Having managed to pass his controversial national security legislation in a highly fractious Diet session that ended Sept. 27, can you blame Prime Minister Shinzo Abe for wanting to kick back and focus on other things? The many people who gathered outside the national legislature day after day to protest a law they feared would ensnare the country in foreign wars probably have other things to do as well.

The vast majority of constitutional scholars surveyed declared the legislation constitutionally suspect, but so what? They are just a bunch of academics, and with the Supreme Court having long ago decided not to get involved in the noisome business of interpreting the famous "no war" provisions of the charter's Article 9, the only constitutional bodies left to do so are the Diet and the Cabinet. The latter having submitted the legislation and the latter having also approved it, The Government Has Spoken, it seems.
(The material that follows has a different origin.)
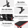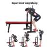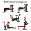- Multifunktionel træningsbænk – Justerbar bænk med dip station og benstrop til skrå mavebøjninger.

Anyway, everyone may be tired of hearing "Constitution this" and "unconstitutional that." That might be why nobody seems to be paying much attention to the fact that the Cabinet is about do something blatantly unconstitutional. That is, not just "reinterpreting" a tricky provision like Article 9 in the absence of the judiciary stepping up to the job, but by actually ignoring a procedural requirement clearly mandated by the Constitution. Moreover, the reason given for being able to do so is "because we've done it before." As they say in Anthony Burgess' "A Clockwork Orange": Horrorshow.